20:28 pmoreau: Hardware agrees
20:28 imirkin: hardware don't lie
20:28 pmoreau: And I think nvdisasm too, though it did show a different offset than what envydis says
20:29 imirkin: https://envytools.readthedocs.io/en/latest/hw/graph/tesla/cuda/isa.html#shared-memory-access
20:29 imirkin: so yeah, looks like it actually doesn't take $a sources, only regular register sources
20:31 imirkin: i'd generally trust envydis about g80 stuff
20:31 imirkin: mwk did a very thorough job with it
20:31 imirkin: iirc he has hwtests for stuff too
20:32 imirkin: might be ALU only though
20:32 pmoreau: nvdisasm shows the blob always using $a sources for shared, but could be a bug.
20:32 pmoreau: I tried using $a for global but that didn’t work out so well: it ended up emitting using some $r instead. :-D
20:32 imirkin: well, tbh i would have assumed s[] would use $a
20:32 imirkin: coz i don't think it goes over 64k
20:33 pmoreau: 16K only on Tesla
20:33 mwk: imirkin: she*
20:33 mwk: and yeah, the tests are basically ALU-only
20:34 imirkin: mwk: i see there are g80_atom tests
20:34 imirkin: mwk: ok, will update my notes
20:34 mwk: anyway, s[] are always addressed by $a only, g[] by $r only
20:35 imirkin: right, that makes sense.
20:36 pmoreau: Okay, thanks mwk. I’ll need to update a few things most likely.
20:37 mwk: envydis can be slightly wrong about which shared mem modes are allowed for which instruction
20:37 mwk: as in, it disassembles modes that are actually illegal insns in hardware
20:37 mwk: I never got around to fixing that
20:37 pmoreau: I haven’t looked at indirect local mem accesses in a while, and today I saw the compiler output `add s32 $r6 s[$r63+0x10] $r16` but actually running that instruction via envydis gave `add b32 $r6 b32 s[0x10] $r16` without $r63.
20:38 mwk: what
20:38 imirkin: $r63 is kinda zero
20:38 mwk: $r63 would be the always-0 pseudoregister anyway, wouldn't it?
20:38 pmoreau: Right
20:38 mwk: well, kinda-0, yes
20:39 mwk: sounds like a strange way to write that instruction
20:39 pmoreau: But using the register notation (even if it is 0 in the end) lead me to believe $r could be used for s[].
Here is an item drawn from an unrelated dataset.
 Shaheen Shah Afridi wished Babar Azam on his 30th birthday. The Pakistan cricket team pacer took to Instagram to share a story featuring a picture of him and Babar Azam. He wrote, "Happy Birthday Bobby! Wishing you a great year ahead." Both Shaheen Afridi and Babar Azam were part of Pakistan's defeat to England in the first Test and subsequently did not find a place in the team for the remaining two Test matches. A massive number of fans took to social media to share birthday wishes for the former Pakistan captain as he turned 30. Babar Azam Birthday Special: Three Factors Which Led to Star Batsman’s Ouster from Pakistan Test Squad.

20:39 mwk: that's a definite no
20:39 pmoreau: Ok
20:39 mwk: the only thing you can use $r addressing for is g[]
20:39 mwk: (and, in turn, that's the only thing you cannot use $a for)
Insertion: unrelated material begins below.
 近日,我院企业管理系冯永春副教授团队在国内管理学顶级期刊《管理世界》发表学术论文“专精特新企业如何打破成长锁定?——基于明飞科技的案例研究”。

20:40 pmoreau: Can c[] also be indirectly addressed, or only directly?
20:40 imirkin: sure, it can be indirect
20:40 imirkin: with $a
20:40 pmoreau: Ah, ok
20:40 mwk: but also there are restrictions
20:40 mwk: you cannot address it indirectly if you also use s[] in the same insn
20:41 mwk: because the insn has only one field to encode address and it's already in use
20:41 imirkin: too mcuh indirection
20:41 pmoreau: I see
20:43 pmoreau: Thanks for the information! 👍️ It’s been way too long since I last looked at that stuff.
20:45 imirkin: pmoreau: btw, i have a G84 plugged in
20:45 imirkin: i made a bunch of fixes to your branch
20:46 pmoreau: Oh, awesome! Were can I find those?
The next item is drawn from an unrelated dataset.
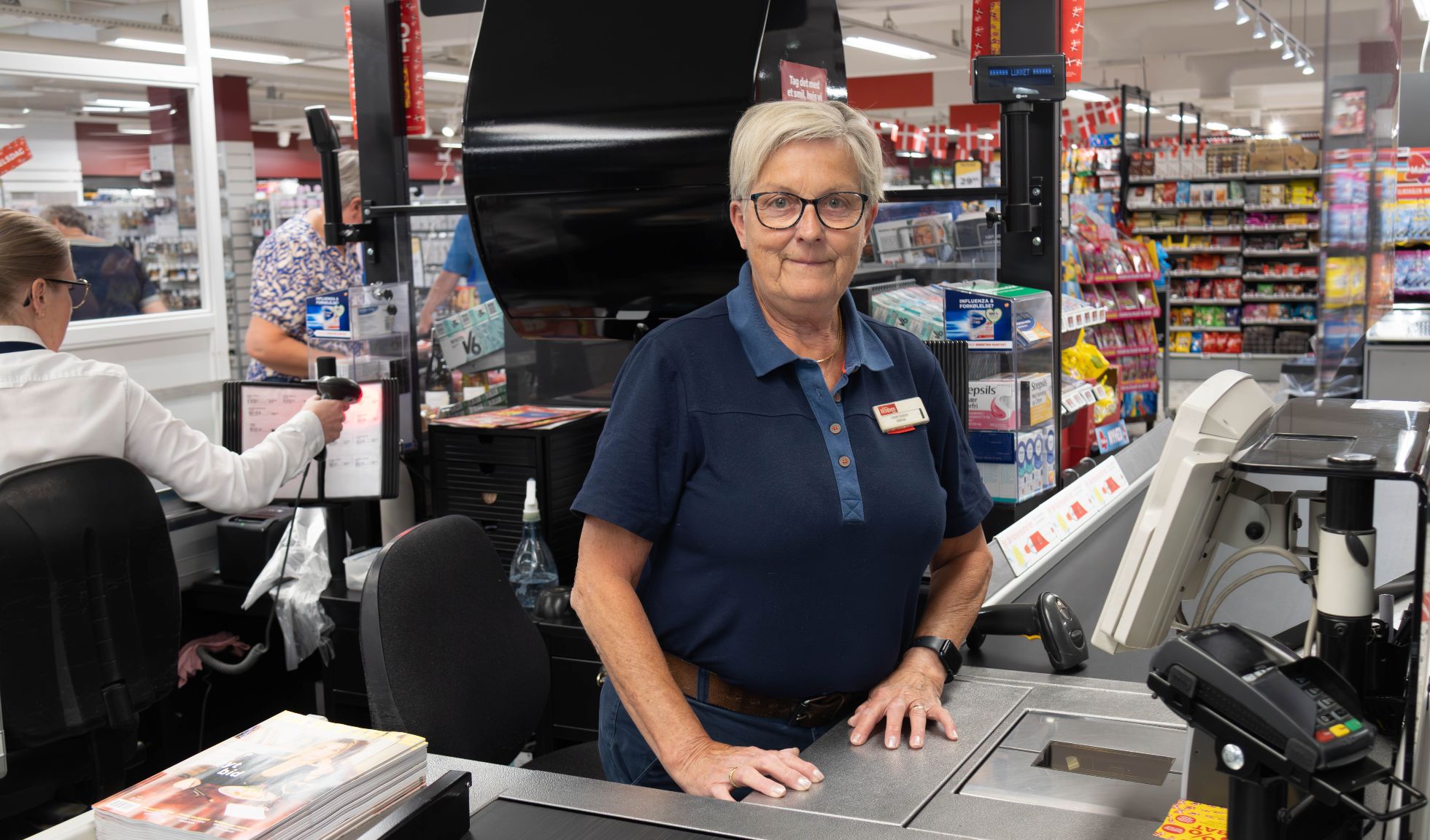 Conny har fast vagt ved kassen tirsdag formiddag, og her bliver det til mangen en god snak med for den lokalkendte kvinde med de mange kunder, der passerer kasseapparatet. Foto: Jim Hoff

20:46 imirkin: working on it
20:46 imirkin: i definitely did it
20:46 pmoreau: :-)
20:46 imirkin: but then got distracted by other stuff
20:46 imirkin: so ... where is it
20:46 imirkin: heh
20:46 pmoreau: As we all do, no worries
20:47 imirkin: is there a way to see the top commit of each branch?
20:47 imirkin: aha, there's a --format
20:49 imirkin: cleverly named the branch 'compute'. who could have guessed
20:49 pmoreau: `git branch -vv` should show you that as well.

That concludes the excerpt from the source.